I wrote the above about 9 days ago, so I've been to my first two decompression therapy sessions.  What do I think?  Well, I'm cautiously optimistic I guess.  Do I hurt less?  Depends on when you ask me!  The day after my first one, hell no!  It was miserable!  But the next day, by the time I went in for my second round, it was better, but not "better" as in "I think it's working" but "better" as in "better than yesterday".   Now it's Saturday, so I'm 3 days from my 2nd treatment and I still have no concrete opinion about it.  The sense of relief (or not) is still a day-to-day, sometimes even hour-to-hour feeling.  Yesterday was pretty decent for most of the day, but then around the time I started on supper, it got gnarly.  But by the time I came up at bedtime, it was a little better again.  I remain hopeful...

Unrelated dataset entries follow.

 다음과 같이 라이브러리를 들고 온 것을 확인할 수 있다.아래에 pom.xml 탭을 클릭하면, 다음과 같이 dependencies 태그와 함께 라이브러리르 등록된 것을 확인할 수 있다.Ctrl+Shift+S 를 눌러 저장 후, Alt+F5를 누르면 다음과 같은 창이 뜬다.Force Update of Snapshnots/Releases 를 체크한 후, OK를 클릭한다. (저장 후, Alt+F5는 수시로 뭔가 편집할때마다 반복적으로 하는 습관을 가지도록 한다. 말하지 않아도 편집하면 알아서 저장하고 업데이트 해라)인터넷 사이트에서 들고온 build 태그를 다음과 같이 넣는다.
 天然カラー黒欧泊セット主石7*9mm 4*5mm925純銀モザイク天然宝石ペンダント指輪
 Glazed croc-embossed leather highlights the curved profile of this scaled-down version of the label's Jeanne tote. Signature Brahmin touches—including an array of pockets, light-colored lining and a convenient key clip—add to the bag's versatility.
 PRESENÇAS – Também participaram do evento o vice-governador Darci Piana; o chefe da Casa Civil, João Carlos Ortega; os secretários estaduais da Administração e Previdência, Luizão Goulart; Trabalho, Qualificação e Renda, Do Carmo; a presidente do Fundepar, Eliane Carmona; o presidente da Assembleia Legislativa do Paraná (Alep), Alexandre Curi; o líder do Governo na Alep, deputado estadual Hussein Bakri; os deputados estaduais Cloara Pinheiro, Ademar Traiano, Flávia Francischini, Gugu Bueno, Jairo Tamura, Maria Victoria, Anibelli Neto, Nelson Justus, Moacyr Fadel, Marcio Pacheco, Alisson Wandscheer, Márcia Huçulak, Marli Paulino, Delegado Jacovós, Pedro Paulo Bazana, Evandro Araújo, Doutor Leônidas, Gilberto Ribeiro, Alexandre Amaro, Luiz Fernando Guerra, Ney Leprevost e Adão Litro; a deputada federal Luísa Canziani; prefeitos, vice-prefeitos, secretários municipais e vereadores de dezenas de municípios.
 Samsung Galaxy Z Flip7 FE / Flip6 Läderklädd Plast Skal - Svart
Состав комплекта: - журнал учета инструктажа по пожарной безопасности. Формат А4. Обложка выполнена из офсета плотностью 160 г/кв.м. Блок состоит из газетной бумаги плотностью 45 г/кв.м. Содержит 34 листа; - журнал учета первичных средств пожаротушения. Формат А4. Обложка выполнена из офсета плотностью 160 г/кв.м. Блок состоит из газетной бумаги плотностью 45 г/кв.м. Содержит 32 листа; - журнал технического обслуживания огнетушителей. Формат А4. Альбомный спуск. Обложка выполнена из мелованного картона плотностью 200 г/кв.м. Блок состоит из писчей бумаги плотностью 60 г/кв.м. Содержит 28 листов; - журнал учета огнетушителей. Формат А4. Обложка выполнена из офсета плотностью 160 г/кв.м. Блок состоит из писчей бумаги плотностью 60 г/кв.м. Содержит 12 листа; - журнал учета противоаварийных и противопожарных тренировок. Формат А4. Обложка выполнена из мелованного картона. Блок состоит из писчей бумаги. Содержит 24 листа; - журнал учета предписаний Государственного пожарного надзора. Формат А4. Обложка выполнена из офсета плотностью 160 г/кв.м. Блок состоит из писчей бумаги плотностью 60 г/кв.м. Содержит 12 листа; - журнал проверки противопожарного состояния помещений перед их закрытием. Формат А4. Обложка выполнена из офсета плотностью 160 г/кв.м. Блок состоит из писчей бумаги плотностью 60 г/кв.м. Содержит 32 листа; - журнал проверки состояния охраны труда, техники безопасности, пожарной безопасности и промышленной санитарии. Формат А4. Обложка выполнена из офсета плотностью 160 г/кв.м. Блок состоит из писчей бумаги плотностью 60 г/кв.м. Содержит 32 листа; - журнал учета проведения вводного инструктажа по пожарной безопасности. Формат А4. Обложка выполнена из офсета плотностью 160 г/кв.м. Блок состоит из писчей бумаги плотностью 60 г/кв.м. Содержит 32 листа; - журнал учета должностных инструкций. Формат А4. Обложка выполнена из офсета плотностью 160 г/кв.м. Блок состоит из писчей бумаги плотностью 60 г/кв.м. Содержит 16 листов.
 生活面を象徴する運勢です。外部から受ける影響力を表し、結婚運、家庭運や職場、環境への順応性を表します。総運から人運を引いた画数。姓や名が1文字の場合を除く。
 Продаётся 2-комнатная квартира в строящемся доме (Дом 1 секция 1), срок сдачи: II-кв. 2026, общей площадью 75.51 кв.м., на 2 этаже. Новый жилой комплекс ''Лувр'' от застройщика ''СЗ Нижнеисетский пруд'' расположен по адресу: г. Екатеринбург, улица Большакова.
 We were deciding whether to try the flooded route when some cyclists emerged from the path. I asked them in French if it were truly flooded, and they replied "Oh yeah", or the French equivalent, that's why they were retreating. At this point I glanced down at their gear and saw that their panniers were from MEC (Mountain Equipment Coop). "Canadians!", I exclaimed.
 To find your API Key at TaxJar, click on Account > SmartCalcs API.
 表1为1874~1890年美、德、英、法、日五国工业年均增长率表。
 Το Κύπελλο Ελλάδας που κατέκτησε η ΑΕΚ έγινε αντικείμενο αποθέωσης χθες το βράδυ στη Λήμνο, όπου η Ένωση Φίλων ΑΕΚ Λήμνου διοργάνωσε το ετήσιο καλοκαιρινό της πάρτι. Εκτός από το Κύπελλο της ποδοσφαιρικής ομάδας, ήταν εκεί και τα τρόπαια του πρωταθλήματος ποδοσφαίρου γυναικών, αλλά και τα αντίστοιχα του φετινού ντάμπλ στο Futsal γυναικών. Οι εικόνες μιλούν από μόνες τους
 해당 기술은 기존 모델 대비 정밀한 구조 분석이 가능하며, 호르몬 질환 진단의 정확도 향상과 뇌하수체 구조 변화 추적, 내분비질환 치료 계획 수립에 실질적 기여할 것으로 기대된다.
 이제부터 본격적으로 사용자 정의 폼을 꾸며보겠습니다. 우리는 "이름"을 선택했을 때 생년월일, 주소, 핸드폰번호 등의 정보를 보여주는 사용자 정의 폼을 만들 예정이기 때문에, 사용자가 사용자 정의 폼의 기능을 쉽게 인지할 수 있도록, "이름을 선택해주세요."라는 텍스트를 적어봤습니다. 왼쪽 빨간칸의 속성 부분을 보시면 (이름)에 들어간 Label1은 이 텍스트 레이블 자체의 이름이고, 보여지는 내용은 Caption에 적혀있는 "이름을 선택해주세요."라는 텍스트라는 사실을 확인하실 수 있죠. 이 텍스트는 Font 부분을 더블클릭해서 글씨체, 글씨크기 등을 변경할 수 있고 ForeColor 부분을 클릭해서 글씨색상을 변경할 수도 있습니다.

In the evenings, right after supper, I go downstairs to watch TV, catch up on the various series I enjoy.  A little over a year ago, I bought one of those old-fart seated pedaling exercisers.  They advertise them on TV always with some old coot (or cootette!) pedaling away.  I was experiencing a little swelling in my lower legs and between that and the fact that a) I have arthritis and b) I don't get much exercise because of my gimpy-ness, this might help with all of that.  When I got it, I was surprised to find that it wasn't as easy as I thought it would be!  Wow, that made me realize just how bad it's gotten!  I started out on a slower speed, maybe setting 3 (of 10) and went as long as I could, which I think was maybe a half hour.  I committed to doing it every night and building on that and now, 13 months later, I spend at least 90 minutes, sometimes 2 hours or more, and I've been up to setting 7, though lately, with my soreness, I backed off one setting so I can go longer rather than faster.  And it helps.  It's keeping all those lower joints "loose", which I'm sure helps a lot with the arthritis.  To be honest, if it wasn't for this damn back issue and the havoc it's wreaking on my body, I would feel like a million bucks!

Now, on to other-than-health stuff!  I focus way too much on that right now! 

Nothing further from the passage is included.